The arbitration field is fixed for a particular message. Each message has a unique message identifier, though multiple of the same messages may be sent over CAN. In one example, a CAN database may store definitions of all messages for a particular bus. The ECUs 104 and the backbone controllers 106 on the network may be configured to access the CAN database for decoding the received message frames.

The priority identifier of the arbitration field may include a remote transmission request (RTR) bit. The RTR bit having a dominant state may designate a given message frame as a data frame and the RTR bit having a recessive state may designate a given message frame as a remote frame. The backbone controller 106 may send, to the ECU 104, the remote frame requesting a data frame having the same message identifier as the remote frame. The gateway 108 may, accordingly, be configured to identify that a given data frame (e.g., message frame whose RTR bit is in a dominant state) received from the source controller and intended for receipt by the target controller is sent in response to a previously transmitted remote frame, (e.g., message frame whose RTR bit is in a recessive state and whose message identifier matches the message identifier of the data frame).

In one example, the data field of a given CAN message frame may be 8 bytes long and may, therefore, limit sending message frames that are longer than a short string of characters or a single large number. The CAN messages defining data size that is larger than the data field may be separated into a plurality of CAN message frames. The individual CAN message frames may include values and bit locations within the original CAN message. The ECU 104 and the backbone controller 106 may be configured to, in response to receiving the CAN message frames, query the CAN database to identify the location of each of the frames in the CAN message.

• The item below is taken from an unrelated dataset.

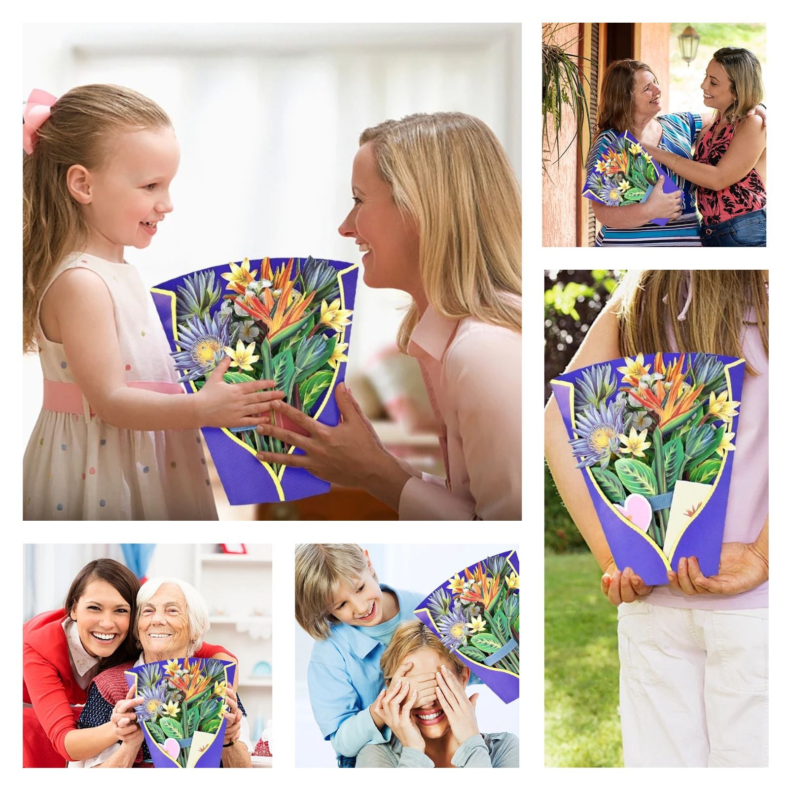 Sorprende con una tarjeta única y sofisticada. Este diseño en papel tallado se despliega para formar un elegante ramo de flores en 3D, ideal para celebrar a mamá en su día, expresar tu amor en San Valentín o rendir homenaje a una mujer especial. Su formato grande incluye un sobre a juego y una tarjeta adicional para escribir tus deseos o mensajes. Una vez abierta, se transforma en una delicada pieza decorativa que alegrará cualquier espacio. Más que una tarjeta, es un detalle inolvidable que combina emoción y diseño.

Now referring more specifically to OVTP, each of a plurality of applications 216 (shown generally as elements 216-A through 216-C) of the API 204 may include software instructions configured to be executed by a processor (not shown) of the controller 104, 106. In one example, the application 216 may be configured to receive data captured by a sensor connected to or in communication with the ECUs 104, 106 and to send the received data to another one of the ECUs 104, 106 using a CAN message including, e.g., a 29-bit message identifier 220. The API 204 is, thereby, configured to facilitate CAN communication between the applications 216 specific to the ECUs 104, 106 and those of the other ECUs 104, 106 of the vehicle 102, as well as with one or more devices (not shown) remote to the vehicle 102. In another example, the API 204 may be further configured to secure CAN communication data flow to and from the applications 216 using an application security layer 218.

The applications 216 that utilize the OVTP protocol 205 may be configured to send and receive CAN message frames including a plurality of fields, such as, but not limited to, the SOF field, the arbitration field, the control field, the data field, the CRC field, the ACK field, and the EOF field. The arbitration field of an extended CAN message frame may include the 29-bit message identifier 220 and may prioritize which of the nodes attempting to send a message will control the bus of the vehicle 102.

In one example, the identifier 220 may comprise a source controller identifier 224, a target controller identifier 226, a source network identifier 228, and a priority identifier 230. The source controller identifier 224 may define the ECU 104, 106 sending the message, e.g., the source ECU 104, the target ECU identifier 226 may define the ECUs 104, 106 for which the message is intended, e.g., the target ECU 104, the source network identifier 228 may define the source network where the source ECU 104 is located, and the priority identifier 230 may define a priority of transmitting a given CAN message to the target ECU 104 relative to one or more vehicle 102 control signals.

The priority identifier 230 may define, for example, the priority of the messages relative to the diagnostic and control messages of the vehicle 102. As one example, the priority identifier 230 having a dominant state may designate a given message frame as a data frame and the priority identifier 230 having a recessive state may designate a given message frame as a remote frame. The gateway 108 may, accordingly, be configured to identify whether a given message frame is a data frame, e.g., message frame whose RTR bit is in a dominant state, or a remote frame, e.g., message frame whose RTR bit is in a recessive state. The gateway 108 may also be configured to identify, based on a combination of the priority identifier 230 state and detecting a match between corresponding message identifiers of the remote and data frames, that a given data frame has been sent in response to a previously transmitted remote frame.

The applications 216 of the ECUs 104 may include, as some examples, an over-the-air (OTA) application enabling interpretation of messages being routed under this application as OTA software update messages and route the messages to a corresponding OTA-capable application of the controller 104, 106, a PARSED request response application enabling each ECU 104, 106 to interpret messages being routed under this application as processing and reporting system for efficient data upload messages and route the messages to a corresponding application for handling, a PARSED push application that may include the functioning transmission of data based on an internal ECU 104, 106 event and may be performed only when the PARSED application has been properly configured by the request-response component of the PARSED application.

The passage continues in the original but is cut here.